Dollar benefits from strong payrolls
After a turbulent week dominated by regional and geopolitical risks as well as trade tensions, the markets received a boost from strong U.S. employment figures. With the political uncertainties in Italy and Spain also being resolved for the time being at least, the concerns over tariffs are perhaps the only reason for caution. These will likely exert some strain as the G7 meeting approaches on the 8-9th of June, with G7 finance ministers already expressing their frustration over these as likely to ‘undermine open trade and confidence in the global economy’. However, their consequences are largely for the future, whereas the current economic environment appears strong enough for markets to withstand these risks. Also the G7 summit will likely be eclipsed by expectations over the U.S - North Korea summit which President Trump has confirmed will go ahead a few days later on the 12th, and which conveys a more optimistic mood.

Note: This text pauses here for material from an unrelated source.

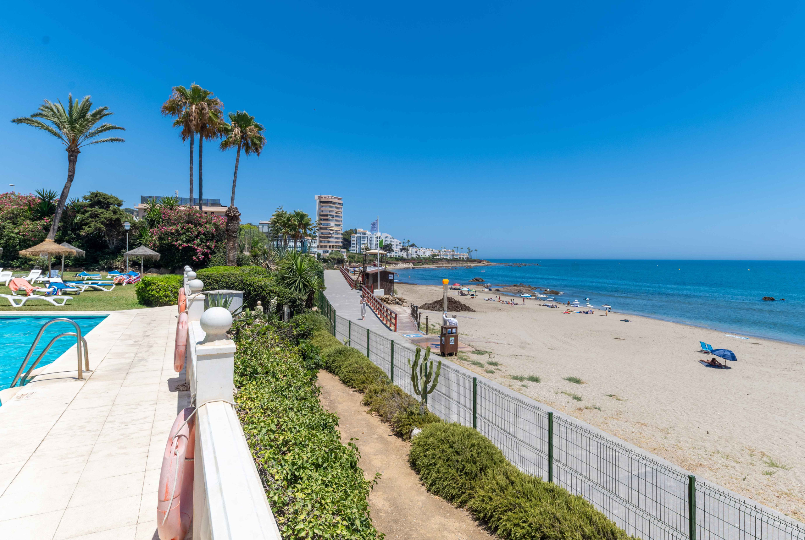 Fantastisk strandlejlighed i første række til dejlig strand 🏖️ Roligt område, smuk udsigt og dejlig strandpromenade✨ Nem gåtur til La Cala de Mijas, Calahonda og Cabopino 🛳️
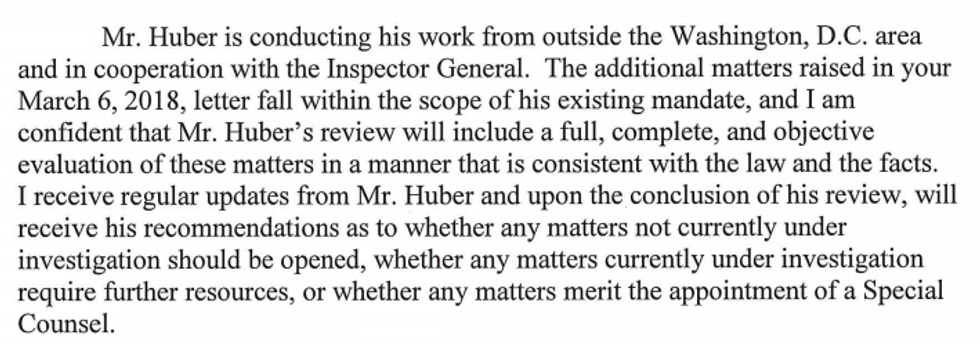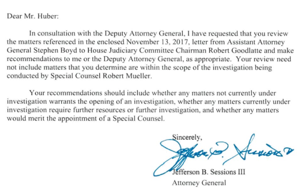 Ever the lickspittle, Sessions obliged , telling then-Chairman Bob Goodlatte and Senate Judiciary Chairman Chuck Grassley that he was putting John Huber, US Attorney from Utah, on the job.

European political risks recede for now
With Italy’s political problems being put to rest for the moment, with a coalition government between the 5 Star Movement and the League finally being formed, the sense of relief was also reinforced by strong U.S. economic data. The May labour market report saw jobs growth of 223k in excess of expectations, the unemployment rate falling to an 18-year low of 3.8% and wages rising by a firm 0.3%. Other data points over the week were also constructive including ISM manufacturing data, which rose to 58.7 from 57.3, and personal income and sales data which were up 0.3% and 0.6% respectively. Collectively they help to cement the case for a June rate hike by the Fed, and increased the chances of two further rate hikes before the end of the year. The dollar therefore remained firm, rising strongly against the JPY, although the news from Italy prevented it from making further gains against the single currency.